— Свои, но все равно только тетки, а я — бабушка.

И спор с ней оказался бесполезным: жила-жила податливым воском всю жизнь, тут отвердела кремнем. Разыскала извозчика с лошадью, санями, с коробом и соломой в нем, упаковала пассажиров, — старшему семь, младшему годик, — захлобучила сверху ватным одеялом и — господи, благослови.

Мороз зверел. Воздух, как пронашатырен, рукавицу нельзя от лица отнести — сразу до слез прошибает. Мерин закуржавел и часто спотыкался, мотая мордой с наросшими у ноздрей сосульками.
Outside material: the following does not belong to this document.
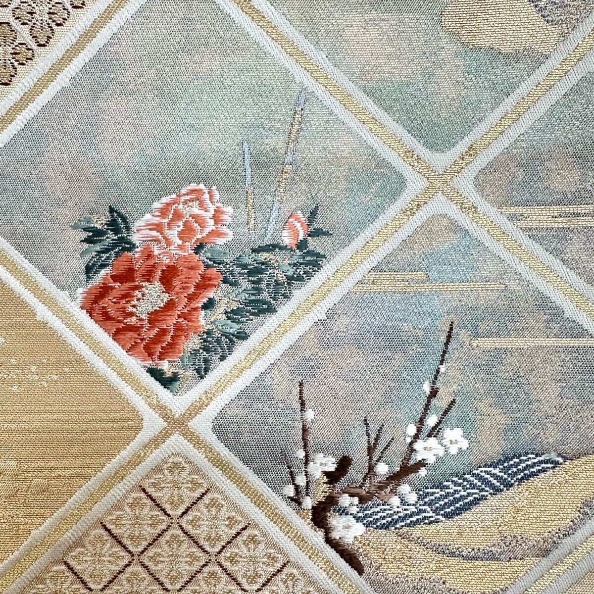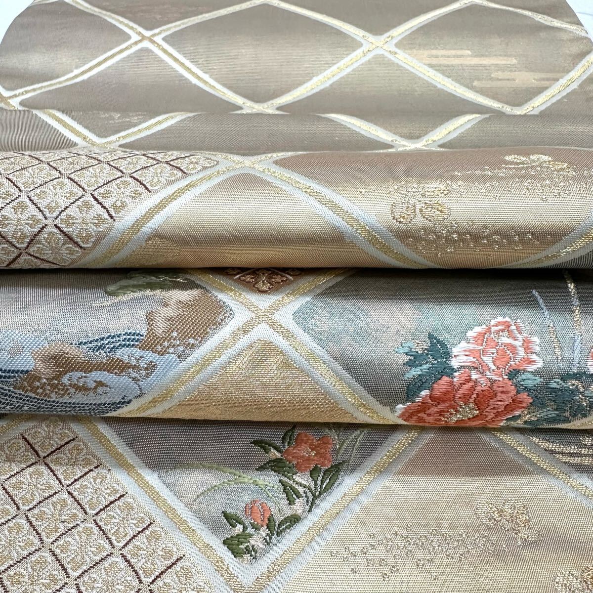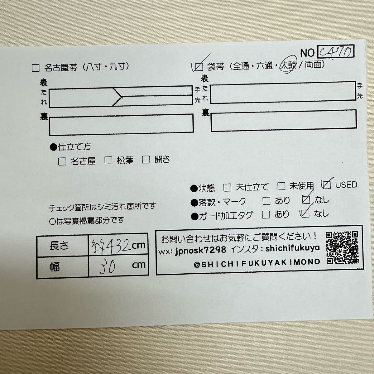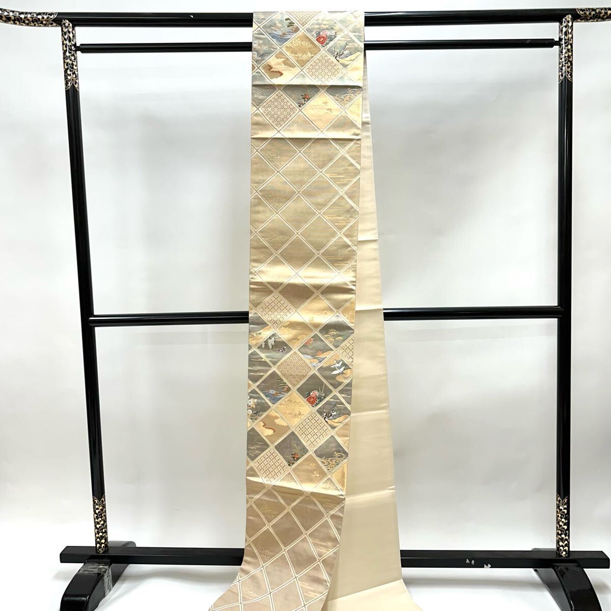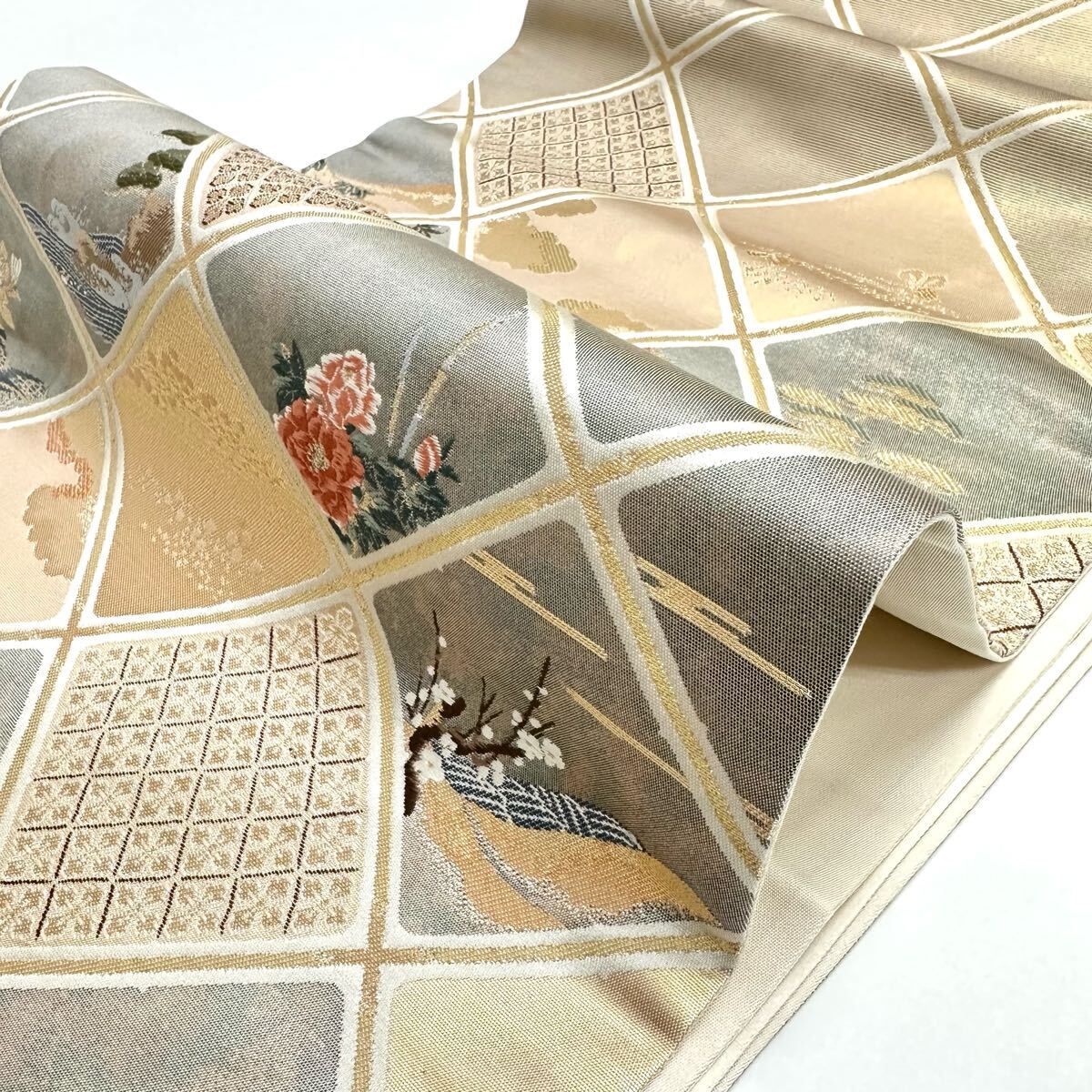 【七福】c470 逸品 高級品 正絹 袋帯 太鼓柄鶴 四季花 蝶 金糸 刺繍 豪華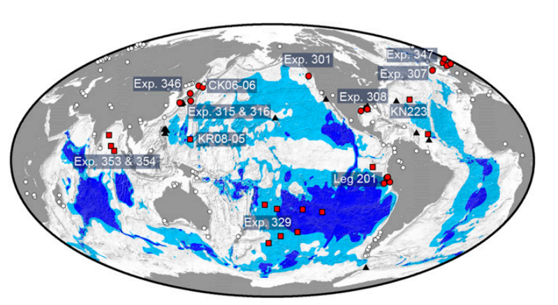 圖1 采樣地點的位置。紅色圓圈分別表示海洋邊緣站點,紅色方塊分別表示開放海洋站點。淺藍(lán)色和深藍(lán)色區(qū)域分別顯示整個沉積物中可能發(fā)生溶解氧和有氧活動的最大和最小區(qū)域。在14次科學(xué)考察中,從40個地點采集了海底以下許多不同深度的299個沉積物樣本,用于比較不同全球海底沉積物微生物群落組成。

Ямщик передавал бабке вожжи, вываливался из коробушки, разминаясь, догонял повод недоуздка, перекинутый через гуж, останавливал одним касанием догадливое животное и тер шу?бенкой[9] храп до тех пор, пока не отпадут ледышки и бедняга не зафыркает.

— Ну, ровно в губы тебе его целовать, обихаживаешь. Не довезешь ведь эдак, поморозишь мне сиротинок, — шарила бабушка рукой под одеялом, не коченеет ли который.

— Довезем. А вот если сопатку перехватит коню, тогда хана и ему, и нам.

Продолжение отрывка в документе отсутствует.